Leader of the Saint Vincent and the Grenadines Green Party
- In office 10 January 2005 – 27 May 2024

Personal details
- Born: Ivan Bertie O'Neal Spring Village, Saint Patrick Parish, Saint Vincent and the Grenadines
- Died: 27 May 2024 Saint George Parish, Saint Vincent and the Grenadines
- Party: Saint Vincent and the Grenadines Green Party
- Alma mater: Oxford Brookes University University of Bradford University of Leicester
- Website: http://www.svggreenparty.org

= Ivan O'Neal =

Vincentian politician (died 2024)

Ivan Bertie O'Neal (died 27 May 2024) was a Vincentian politician and leader of the Saint Vincent and the Grenadines Green Party (SVG Green Party). O'Neal was also the Saint Vincent and the Grenadines Green Party East St. George candidate for 2020 Vincentian general election.

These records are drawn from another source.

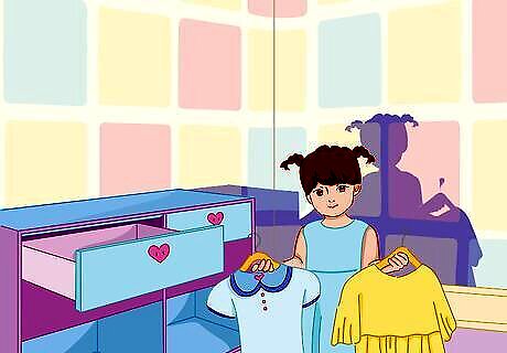 Make clothes accessible to your toddler. Once your toddler can dress themselves, provide seasonally appropriate clothes in low drawers and shelves, or in the closet. This will encourage your child to develop a sense of autonomy and independence.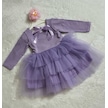 Kız Çocuk Kat Kat Tütülü Pamuklu Uzun Kollu Mor Özel Gün Abiye Doğum Günü Günlük Prenses Elbise Mor
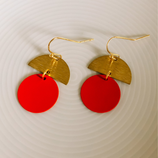 Goudkleurig oorhaakje en halve maan, met rood berubberd schijfje. Lengte: 4 cm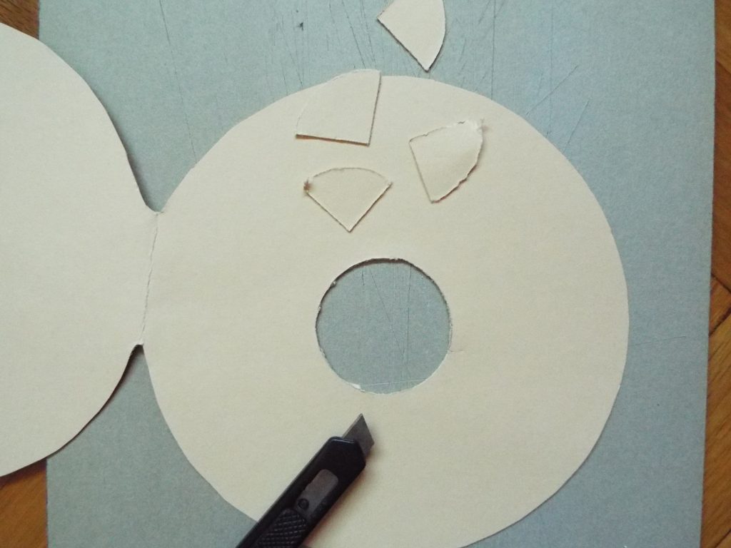 3. Make a smaller circle in the center with the same center point as the bigger one, using compasses. This will be the hole of the donut. Cut it out using the x-acto knife. Repeat this step for the other part of the donut card. But do not work both sides at the same time. The paper is thick and the cutting won`t be nice and even.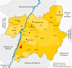 Il comprend les municipalités d'Andalucía, Buga, Bugalagrande, Caicedonia, Guacarí, Riofrío, San Pedro, Sevilla, Trujillo et Tuluá du département de Valle del Cauca ce qui correspond à un territoire d'une superficie de 3 997 km2 divisé en 70 paroisses.

O'Neal served as the treasurer of the Unity Labour Party before breaking ranks with the party in 2000 to join the now-defunct People's Progressive Movement (PPM). He contested the North Central Winward constituency as a PPM candidate during the 28 March 2001 general election and received 30 votes.

== Education ==
Born in Spring Village, O'Neal earned a BSc in accounting and finance from Oxford Brookes University, an MSc in Macro Economics, Policy and Planning from the University of Bradford, and an MBA from the University of Leicester.

== Career ==
In the 2005 general elections, he contested the East Saint George constituency seat representing the SVG Green Party and was defeated, winning only 14 votes. In the 2010 general elections O'Neal ran in Central Kingstown, where he won 12 votes.

== Death ==
O'Neal died near Choppins, Saint George Parish, Saint Vincent and the Grenadines on 27 May 2024, after an illness.